Their argument was that we should wrestle back sovereignty from Europe, not give it to an elite group of self serving politicians. Suspending parliament is not acceptable under any circumstance. That’s us slipping and sliding, scrambling and scuffing, open eyed towards totalitarianism.

But that’s what happens when the world gets complicated, filled with nuance, and leaders frame every argument as a binary choice. I considered exactly this “totalitarian mindset” when I was working on one of my characters for CARR-10-N. This is an extract from something I wrote in 2013.

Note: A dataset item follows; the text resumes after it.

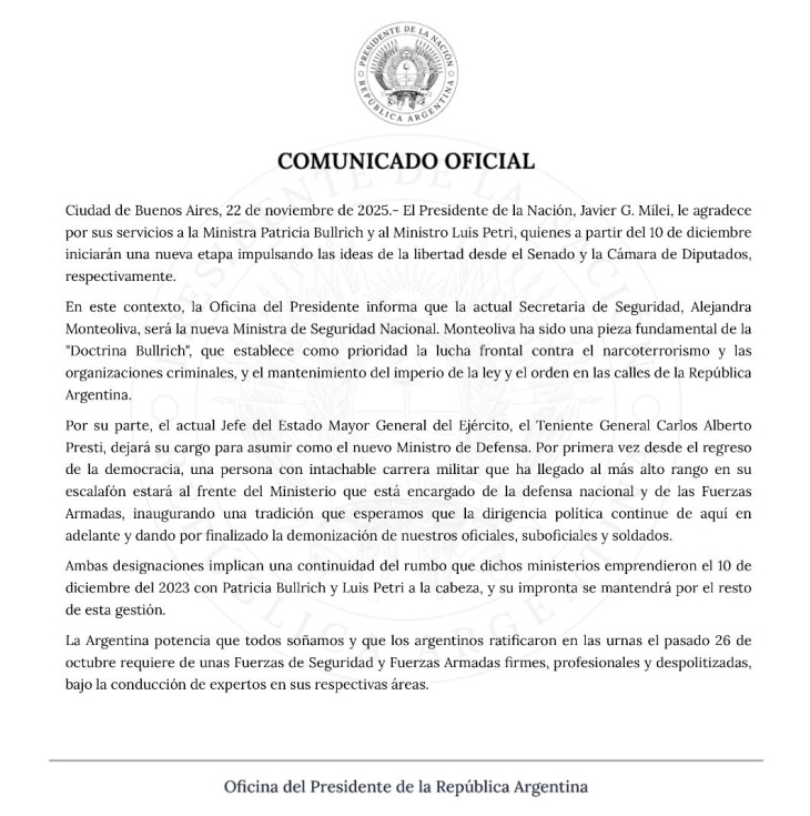 En simultáneo, la decisión fue comunicada por Bullrich, Petri y la Oficina del Presidente en la red social X. “El Presidente de la Nación, Javier G. Milei, le agradece por sus servicios a la Ministra Patricia Bullrich y al Ministro Luis Petri, quienes a partir del 10 de diciembre iniciarán una nueva etapa impulsando las ideas de la libertad desde el Senado y la Cámara de Diputados”, comienza el comunicado, en el que el Gobierno asegura que “ambas designaciones implican una continuidad del rumbo”.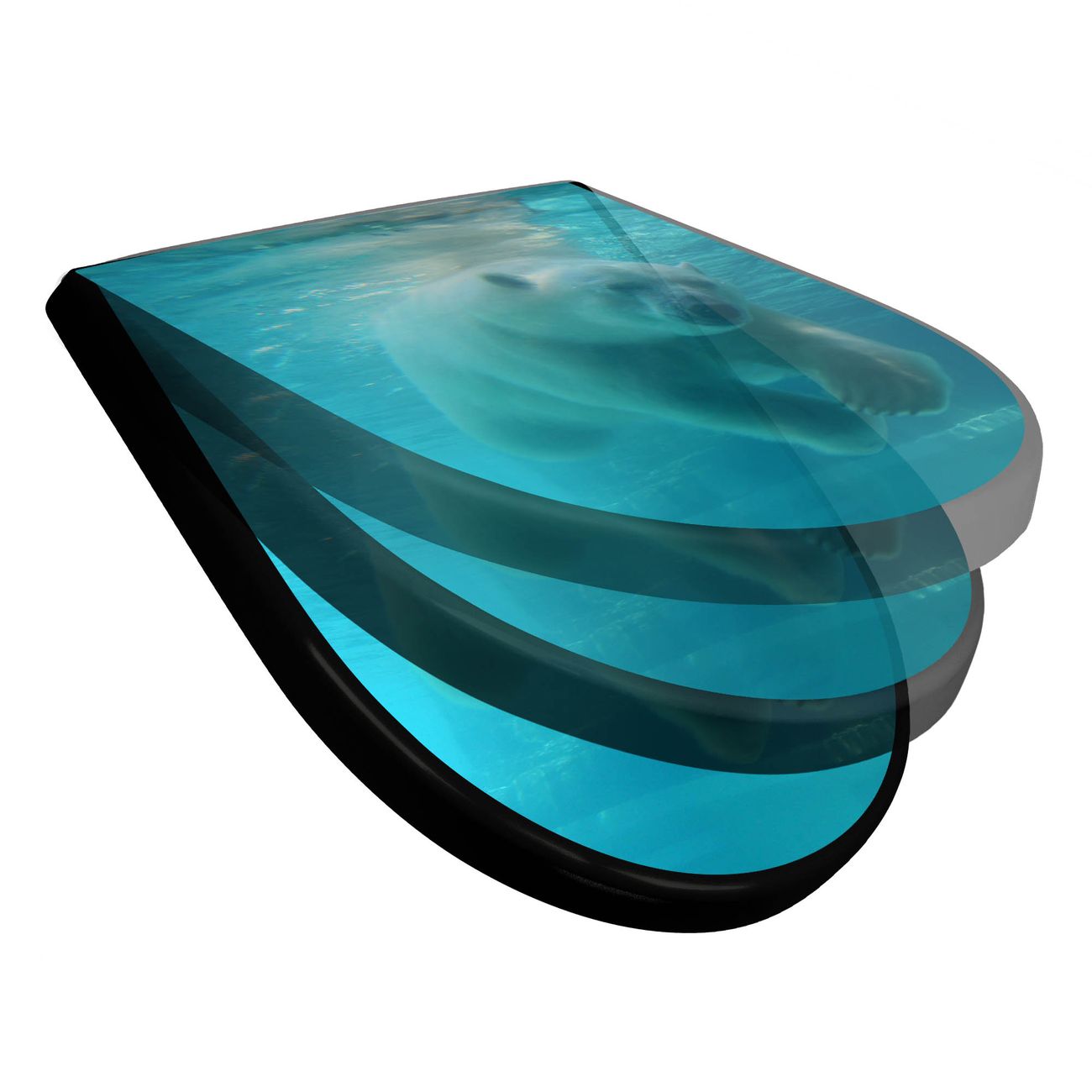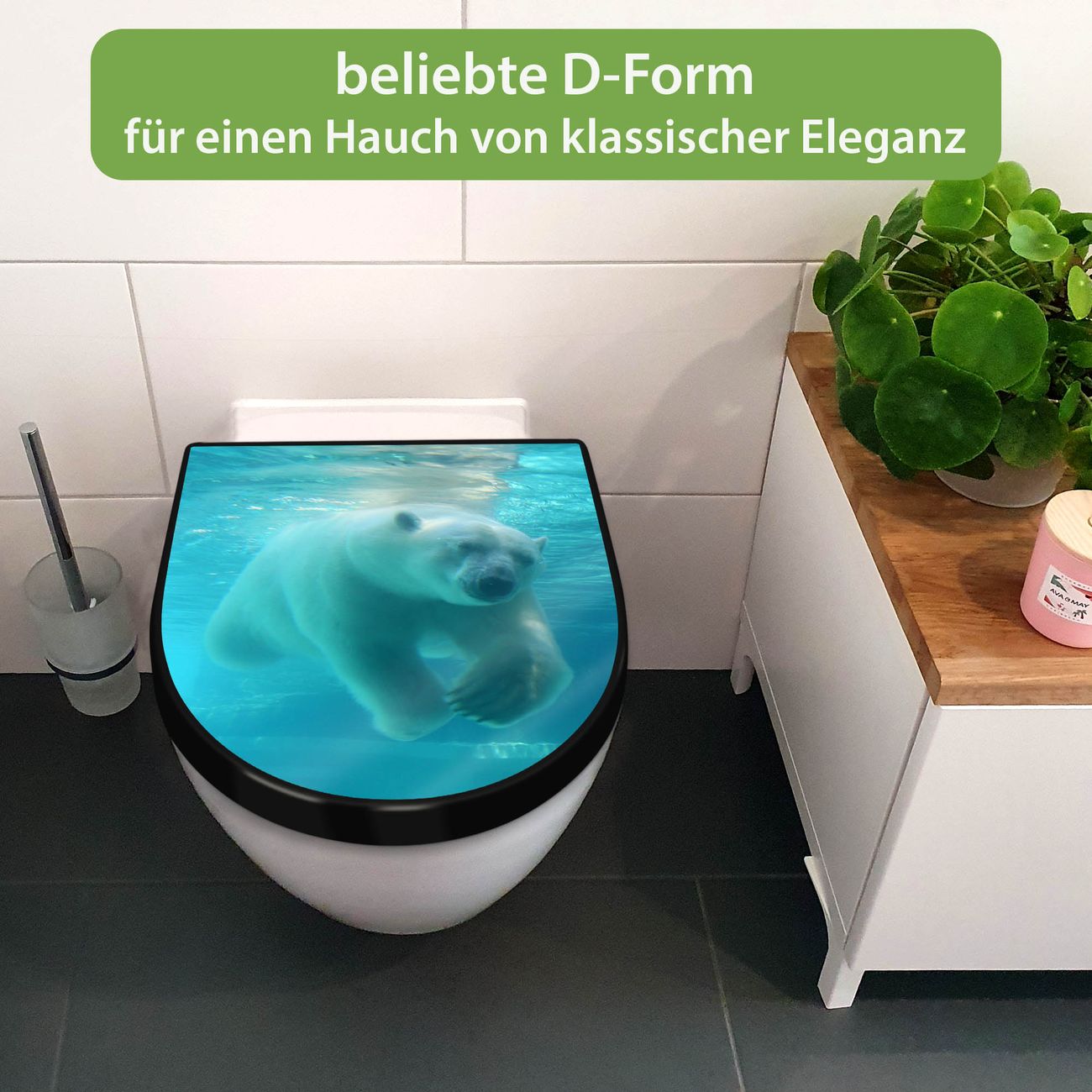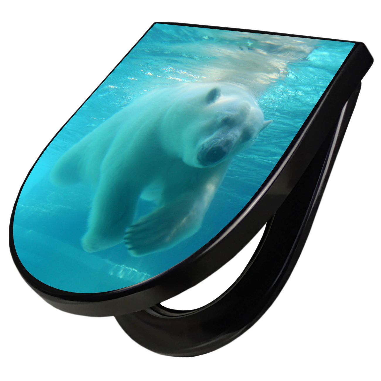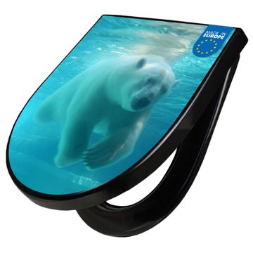 WC Sitz D-Form Schwarz mit Absenkautomatik Motiv Eisbär unter Wasser

So the question I’m really asking is; what kind of person is attracted to totalitarianism? To answer that question you first need to ask; what allows totalitarianism to flourish? The short answer is uncertainty. In his paper “How to make enemies and influence people” (2) Alfonso Montuori characterises the “totalitarian mindset” as a response to the stress of contemporary pluralism. Basically we live in complex times full of ambiguity and uncertainty. We feel threatened. And when we’re backed into a corner we have a tendency to succumb to “simplistic, black-and-white solutions.” Montuori goes on to note that “individuals all over the world have sought relief from the uncertainty of a pluralistic world in the arms of absolute belief systems of a religious fundamentalist and/or political/nationalistic nature.” 

2013/02/08

If that doesn’t describe the current mess nothing does. Jeremy Corbyn has been criticised for a “muddy” position on Britain exiting the European Union, but muddy’s what we need. We need nuance not black and white choices. Black and white choices are what got us here in the first place. There are no easy answers in any of this, but sleepwalking a totalitarian government into office is not the answer.

Is this one of the many reasons for Brexit?

A study says the UK and territories are ‘greatest enabler’ of tax avoidance in the world.

I’m guessing the vested interests pushing for a no deal Brexit are doing it, in part, to weaken the European Union’s hold on The City of London.

The European Union wants to bring in tighter rules on financial services, and try to stop the kind of enabling, that ranks British territories and its dependencies among the worst offenders.

The only people who will benefit from a low tax Britain are the wealthy. For the rest of us less tax means no money for schools, infrastructure, or the health service.

If we crash out of the European Union, and stronger regulation, the City will become the perfect host for all kinds of parasitic tax avoiders.

Is cancelling Brexit the Prime Minister’s new default?

Robert Peston the chief political correspondent for ITV News discusses the possibility of cancelling Brexit.

A lot of people seem to think this was Theresa May’s game all along. I can’t see it myself. I can see her triggering Article 50, then calling a snap election trying to outflank the Labour Party, gambling on wiping out the Labour Party, leaving a clear path to get whatever exit she wanted.

Let’s not forget the Prime Minister tried to stop parliament from having any kind of say over the deal she struck. Probably because she could see from the outset what a hopeless venture it all was. Subsequent events have seen her cut off at every point, by Europe, by opposition. So vailed warnings of revoking Article 50 is just another attempt to force the critic in her own party into line.

I’d welcome her pulling the plug and revoking Article 50. It would keep us in Europe, and with luck destroy the Tories. Tory voting leavers would never forgive the betrayal. Remainers would never respect the party again. I’d call that a win.

Revoking Article 50 would certainly force a general election. At least then the parties could set out their stall, make their arguments, and let the will of the people be heard.

I’m sure it wouldn’t be the narrow split the commentators might like it to be.

Leave won by breaking the law

Christopher Wylie on Twitter. Why is this fact, that leave cheated during the referendum, not part of the discussion around the British Exit of the European Union? Why is this not put forward as the reason we need another vote by those arguing for a people’s vote?